Apart from 2,2′-BPyDCA, other cores such as porphyrins74 and phenanthroline derivative has also been employed for the metalation of COFs. In this regard, A. López-Magano et al. prepared an imine COF based on TAPB and 4,4′-(1,10-phenanthroline-3,8-diyl)dibenzaldehyde or (PhenDBA).75 The authors successfully anchored photoactive Ir(dF(CF3)ppy)2 and NiCl2 to the phenanthroline groups by exposing the pristine COF to a solution of both salts. The obtained Ir,Ni@TAPB–PhenDBA COF presented high catalytic activity toward photocatalytic cross-couplings between aryl bromides and four different radical precursors: N-protected proline, organic alkyl silicates, and potassium benzyl- and alkoxy-trifluoroborates. Additionally, comparative experiments with the pristine material, exclusively Ni-loaded and exclusively Ir-loaded materials, showed the synergistic effect between both metals, which was supported by mechanistic studies.

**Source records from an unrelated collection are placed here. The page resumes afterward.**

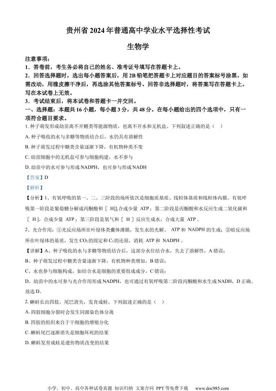小学、初中、高中各种试卷真题知识归纳文案合同PPT等免费下载www.doc985.com贵州省2024年普通高中学业水平选择性考试生物学注意事项:1.答卷前,考生务必将自己的姓名、准考证号填写在答题卡上。2.回答选择题时,选出每小题答案后,用2B铅笔把答题卡上对应题目的答案标号涂黑。如需改动,用橡皮擦干净后,再选涂其他答案标号。回答非选择题时,将答案写在答题卡上。写在本试卷上无效。3.考试结束后,将本试卷和答题卡一并交回。一、选择题:本题共16小题,每小题3分,共48分。在每小题给出的四个选项中,只有一项符合题目要求。1.种子萌发形成幼苗离不开糖类等能源物质,也离不开水和无机盐。下列叙述正确的是()A.种子吸收的水与多糖等物质结合后,水仍具有溶解性B.种子萌发过程中糖类含量逐渐下降,有机物种类不变C.幼苗细胞中的无机盐可参与细胞构建,水不参与D.幼苗中的水可参与形成NADPH,也可参与形成NADH【答案】D【解析】【分析】1、有氧呼吸的第一、二、三阶段的场所依次是细胞质基质、线粒体基质和线粒体内膜。有氧呼吸第一阶段是葡萄糖分解成丙酮酸和[H]],合成少量ATP;第二阶段是丙酮酸和水反应生成二氧化碳和[H],合成少量ATP;第三阶段是氧气和[H]反应生成水,合成大量ATP。2、光合作用:①光反应场所在叶绿体类囊体薄膜,发生水的光解、ATP和NADPH的生成;②暗反应场所在叶绿体的基质,发生CO2的固定和C3的还原,消耗ATP和NADPH。【详解】A、种子吸收的水与多糖等物质结合后,这部分水位结合水,失去了溶解性,A错误;B、种子萌发过程中糖类含量逐渐下降,有机物种类增加,B错误;C、水也参与细胞构成,如结合水是细胞的重要组成成分,C错误;D、幼苗中的水可参与光合作用形成NADPH,也可通过有氧呼吸第二阶段丙酮酸和水生成NADH,D正确。故选D。2.蝌蚪长出四肢,尾巴消失,发育成蛙。下列叙述正确的是()A.四肢细胞分裂时会发生同源染色体分离B.四肢的组织来自于干细胞的增殖分化C.蝌蚪尾巴逐渐消失是细胞坏死的结果D.蝌蚪发育成蛙是遗传物质改变的结果小学、初中、高中各种试卷真题知识归纳文案合同PPT等免费下载www.doc985.com【答案】B【解析】【分析】在“蝌蚪长出四肢,尾巴消失,发育成蛙”的过程中,涉及到细胞的增殖、凋亡、分化。【详解】A、四肢细胞分裂属于有丝分裂,不会发生同源染色体分离,同源染色体分离发生在减数分裂过程中,A错误;B、动物和人体内仍保留着少数具有分裂和分化能力的细胞,这些细胞叫作干细胞,四肢的组织细胞是来自于干细胞的增殖分化,B正确;C、蝌蚪尾巴逐渐消失是细胞凋亡的结果,C错误;D、蝌蚪发育成蛙是细胞分化的结果,细胞分化是细胞中基因选择性表达,而不是遗传物质改变,D错误。故选B。3.为探究不同光照强度对叶色的影响,取紫鸭跖草在不同光照强度下,其他条件相同且适宜,分组栽培,一段时间后获取各组光合色素提取液,用分光光度法(一束单色光通过溶液时,溶液的吸光度与吸光物质的浓度成正比)分别测定每组各种光合色素含量。下列叙述错误的是()A.叶片研磨时加入碳酸钙可防止破坏色素B.分离提取液中的光合色素可采用纸层析法C.光合色素相对含量不同可使叶色出现差异D.测定叶绿素的含量时可使用蓝紫光波段【答案】D【解析】【分析】叶绿体色素的提取和分离实验:(1)提取色素原理:色素能溶解在酒精或丙酮等有机溶剂中,所以可用无水酒精等提取色素。(2)分离色素原理:各色素随层析液在滤纸上扩散速度不同,从而分离色素。溶解度大,扩散速度快;溶解度小,扩散速度慢。(3)各物质作用:无水乙醇或丙酮:提取色素;层析液:分离色素;二氧化硅:使研磨得充分;碳酸钙:防止研磨中色素被破坏。(4)结果:滤纸条从上到下依次是:胡萝卜素(最窄)、叶黄素、叶绿素a(最宽)、叶绿素b(第2宽),色素带的宽窄与色素含量相关。【详解】A、提取光合色素加入碳酸钙可以防止色素被破坏,A正确;B、由于不同色素在层析液中溶解度不同,因此在滤纸上的扩散速度不同,从而达到分离的效果,这是纸层析法,B正确;C、不同光合色素颜色不同,因此光合色素相对含量不同可使叶色出现差异,叶绿素多使叶片呈现绿...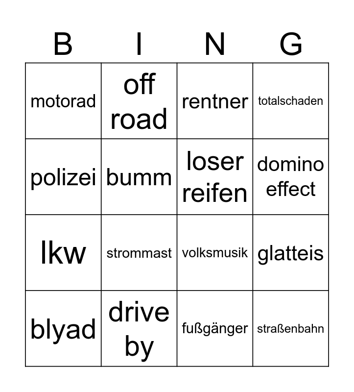 This bingo card has 16 words: drive by, glatteis, rentner, motorad, lkw, off road, volksmusik, fußgänger, polizei, bumm, blyad, totalschaden, strommast, domino effect, loser reifen and straßenbahn.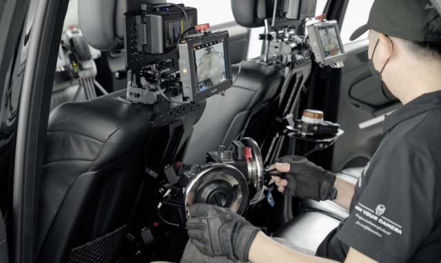 El soporte Tilta Rear Seat Monitor Mounting Bracket Pro está diseñado para fijar de forma segura monitores y controladores de gran tamaño en el asiento trasero de un coche equipado con una cámara. Se fija al reposacabezas y cuenta con un soporte de suelo largo para mayor estabilidad. La parte superior incluye un punto de montaje articulado de 1/4″-20 para monitores y una placa de batería V-Mount integrada para alimentar los dispositivos. Este resistente soporte es ideal para montar sistemas de control de mayor tamaño, como por ejemplo los Master Wheels de DJI.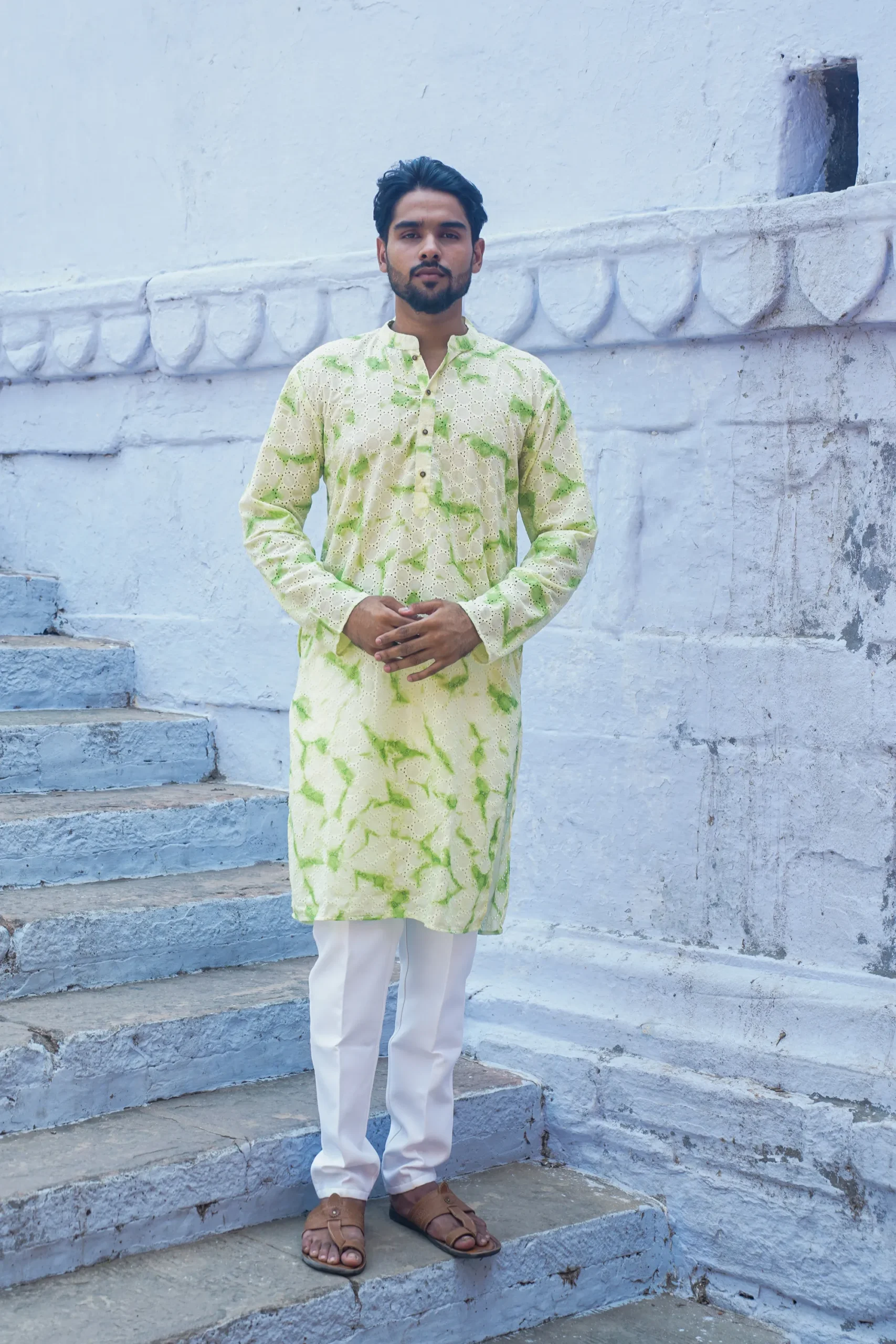 Magenta Kota Doria Leheriya Print Anarkali Set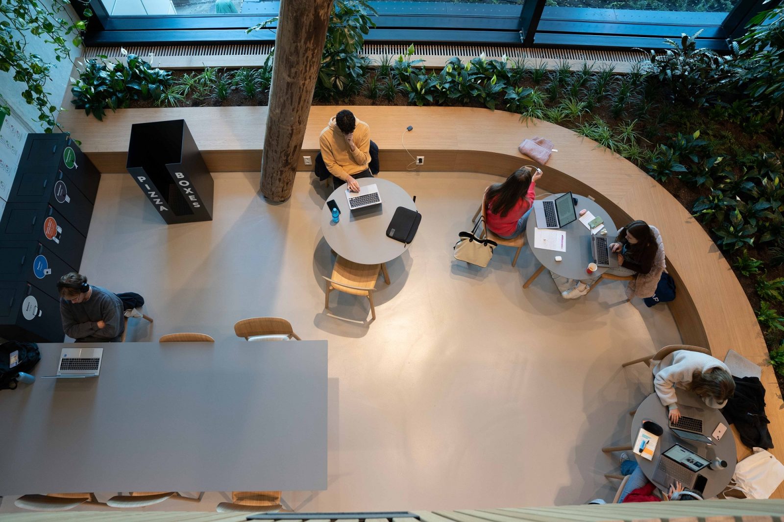 When you enter the Langeveld Building, it looks green and natural. The staircase meanders through the middle of the room, next to metres-high tree trunks that serve as pillars. Seating and tables surround a square ‘garden’ with a tree on the ground floor. Rows of lush dragon ivy adorn the walls like a green waterfall.

This strategy proved to be particularly effective for softer metals such as Pd, enhancing their catalytic performance. J. Han et al. inserted Pd2+ metals into an imine-based COF prepared by condensation of 3,3′-dihydroxybenzidine and BTCA (COF-BTDH).77 The hydroxy group in α into the imine provided the Pd2+ salt enhanced stability. The authors explored the catalyst performance using various olefins for the Heck coupling reaction. In the presence of Pd-COF-BTDH, even aliphatic olefins lacking heteroatoms or induction effects underwent high conversion to (E)-linear products with excellent selectivity. A performance comparison between crystalline and amorphous material showed a worse yield with poorer regioselectivity in the case of the amorphous solid. This demonstrated that structural order and regular channels significantly influenced selectivity.

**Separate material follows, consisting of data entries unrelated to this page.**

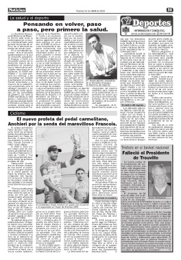 nientes, pero son cosas ganar en tu pueblo siem- guay animaba a pronosti- bas de ruta, Vuelta Cha- Después de casi un mes en CTI del Hospital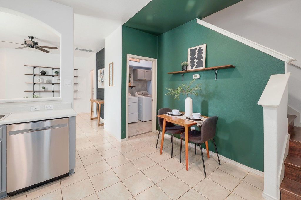Welcome home to this beautifully maintained end-unit townhome perfectly situated along a wooded greenbelt with walking trails. Step inside to discover a bright and open first floor featuring a modern living area, dining space, and spacious kitchen complete with stainless steel appliances, upgraded upper cabinets for added storage, and a walk-in pantry. A half bathroom and laundry room are also located downstairs for added convenience. Upstairs, you'll find three comfortable bedrooms and two full bathrooms, including the primary suite with a walk-in shower, separate garden tub, and walk-in closet"”a perfect retreat at the end of the day. Enjoy fresh, modern paint throughout and easy-maintenance wood and tile flooring"”no carpet anywhere! Outside, relax or entertain in your private fenced backyard with a concrete patio, ideal for morning coffee or evening gatherings. A two-car garage completes this move-in-ready home. Located in a peaceful community yet close to shopping, dining, and commuter routes"”this one has it all!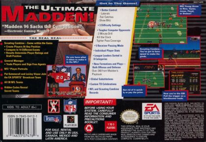 Still includes windowless passing, all new Madden-designed strategies and team match-up that shows how your players stack up to the other team in their position.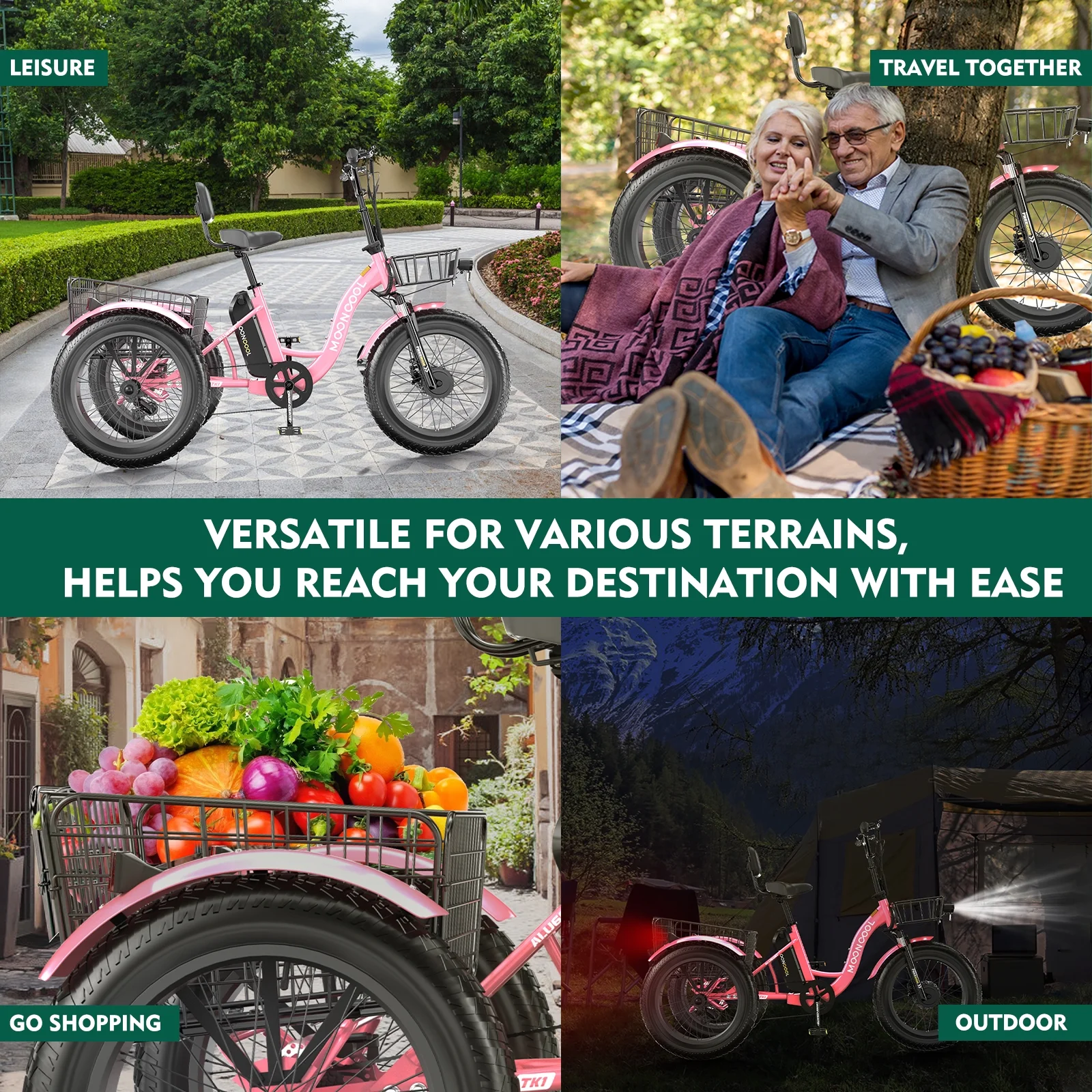 20" x 4" Fat Tire Electric Tricycle for Adult, 7 Speeds Electric Trike 48V 500W Motorized Tricycle, Electric Three Wheels Bicycle for Senior, Aluminum Frame & Rear Basket, 16mph
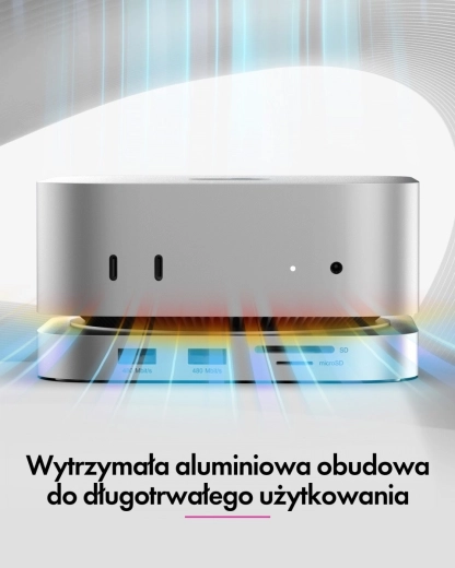 De dockingstation sluit naadloos aan bij de stijl, afmetingen en kleurstelling van de Mac mini M4, waardoor het aanvoelt als een integraal onderdeel. Het ordent je werkplek, verbetert de ergonomie en brengt veelgebruikte poorten direct naar de voorkant – snel, overzichtelijk en zonder adapters.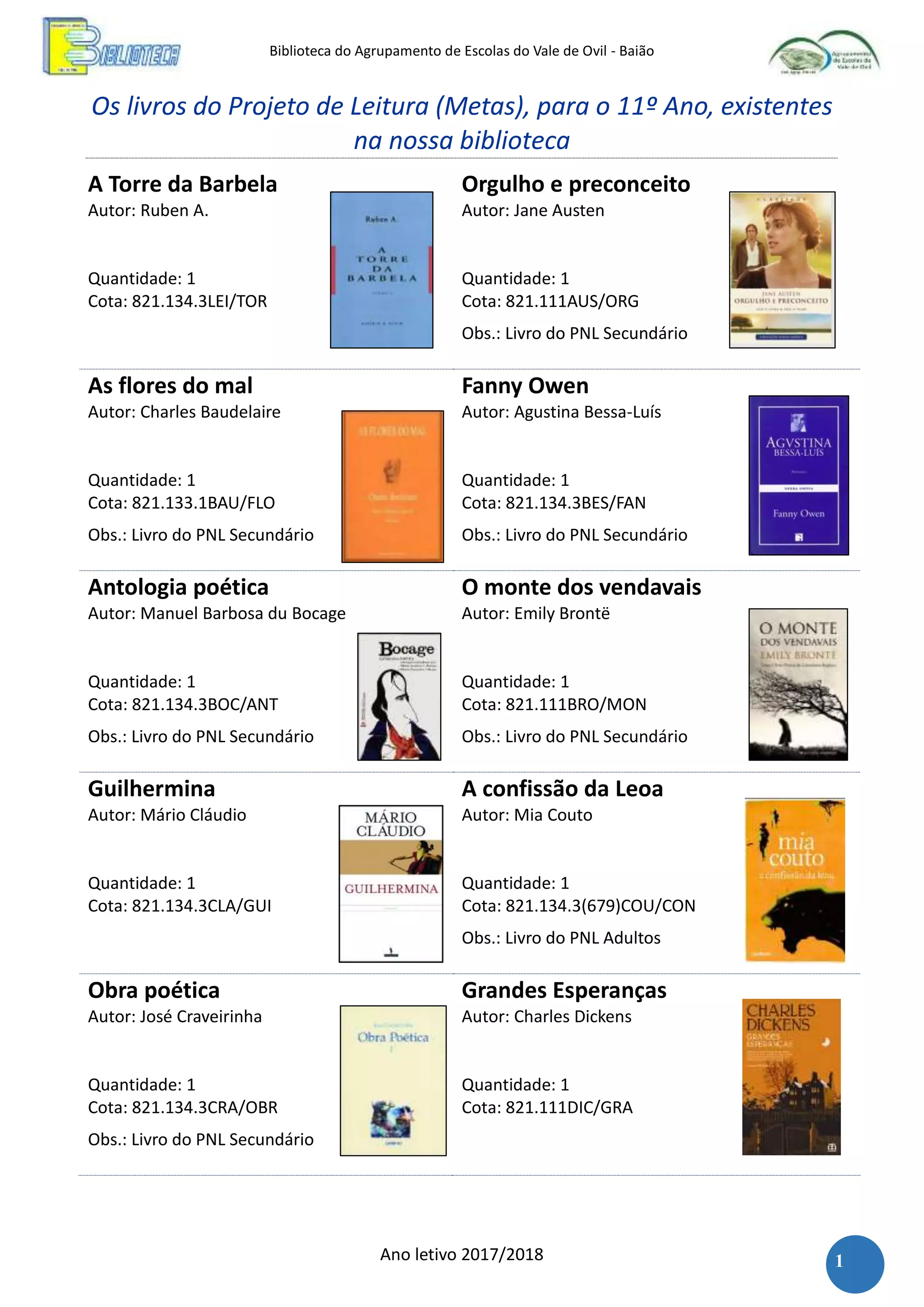 Este documento lista os livros disponíveis na biblioteca de uma escola secundária para o 11o ano, incluindo títulos, autores e quantidades. A lista inclui 47 obras literárias de autores portugueses e estrangeiros, algumas das quais também estão disponíveis em formato digital.

This strategy is also applicable to other bonds, such as hydrazone bonds. Through the reaction of TP with 2,5-dihydroxyterephthalohydrazide and 2,3-dihydroxyterephthalohydrazide, Kundu et al. synthesized two mesoporous COFs (2.5 nm pore size) NUS-50 and NUS-51, respectively.16 The hydroxyl groups enriched building blocks provide proper sites to decorate Co2+ in the COF structures. Due to the uniform distribution of pore size, stability, and availability of active sites containing Co2+ with good Lewis acidic properties, they studied the catalytic activity of systems in aldehydes cyanosilylation reaction. Both catalysts gave almost the same efficiency and comparable performance to MOF-based catalysts. The conversion rate for both was similar to Co(OAc)2, indicating that the catalytic activity of Co(OAc)2 remained constant after the heterogeneity in the COF structures. The selectivity of NUS-50 and NUS-51 was studied by using larger aldehydes. The results presented that as the aldehyde gets larger, the efficiency decreases drastically, as far as, for 9-anthracenecarboxaldehyde only a trace yield was obtained, indicating that the catalytic process occurs inside cavities and channels. So, prepared COFs are highly selective against the size of the reactants. Both NUS-50 and NUS-51 displayed excellent stability after five recovery cycles without decreasing performance.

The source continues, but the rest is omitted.